Caesar enters to speak with Cleopatra. He assures her that he will care for her in the manner she would want. However, if she kills herself, he will make sure that none of her children rule Egypt. Cleopatra bows to Caesar and promises him all her treasures, promising that she has held nothing back. Her treasurer, however, indicates that she has reserved some of her treasure for herself. She rages at the treasurer and assures Caesar that she has only kept a few small treasures to give to honored guests. Caesar doesn’t care that she kept any treasure. He finds it wise and promises that none of her treasure will be included in the inventory. He, again, promises her mercy and kindness.

Cleopatra sees right through that nonsense and whispers something to Charmian, who leaves. Dolabella tells Cleopatra about Caesar’s plan to march her and her children through Syria and back to Rome. He leaves, having done his duty for the queen. Cleopatra explains to Iras that they will be paraded before the lowest members of Roman society. They will be mocked and have things thrown at them. Then, they will be subject to a horrible play that will make fun of Antony and Cleopatra, who will be played by a boy. Cleopatra refuses to be a part of it.

Charmian returns and Cleopatra tells her ladies to put her best garments on her. She will meet Mark Antony in the same attire she had on when they first met.

It wouldn’t be a Shakespeare play without a Clown, so enter a rural citizen with a basket of “figs.” He is actually carrying a poisonous snake, known as an asp. Cleopatra asks if it’s lethal bite is painless and effective. He assures her that very few people survive the bite and he has known of many people who have been bitten. Including one woman last week. She was a good woman, except for the occasional lie, which she shouldn’t do, but still. He warns Cleopatra that the snake is not to be trusted because it will bite. She promises to heed his word and sends him off.
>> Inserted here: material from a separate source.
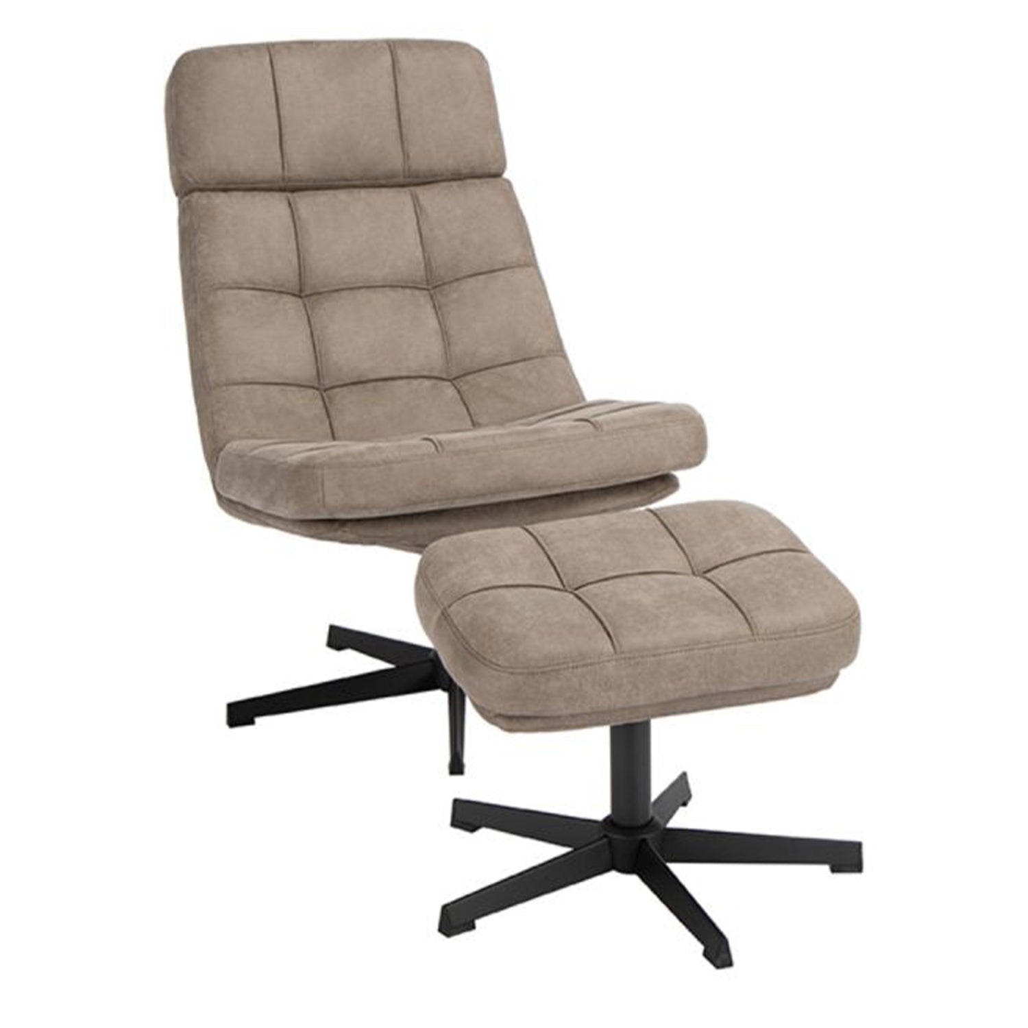 Maak kennis met het Draaifauteuil Alvar in Taupe Micro Suede. Deze Draaifauteuil is verkrijgbaar met en zonder hocker.

Cleopatra gives her final speech as she prepares for death. She kisses Iras, who promptly dies. She refuses to have Antony meet Iras first, so she applies an asp to her breast and then her arm before finally dying. Caesar’s people come in just in time to see Charmian die. They raise the alarm. Caesar comes in to see the aftermath. After some investigating, they figure out that Cleopatra and Charmian died of an asp bite. Caesar calls her brave and orders that she be buried with Antony. Caesar’s army will attend the funeral.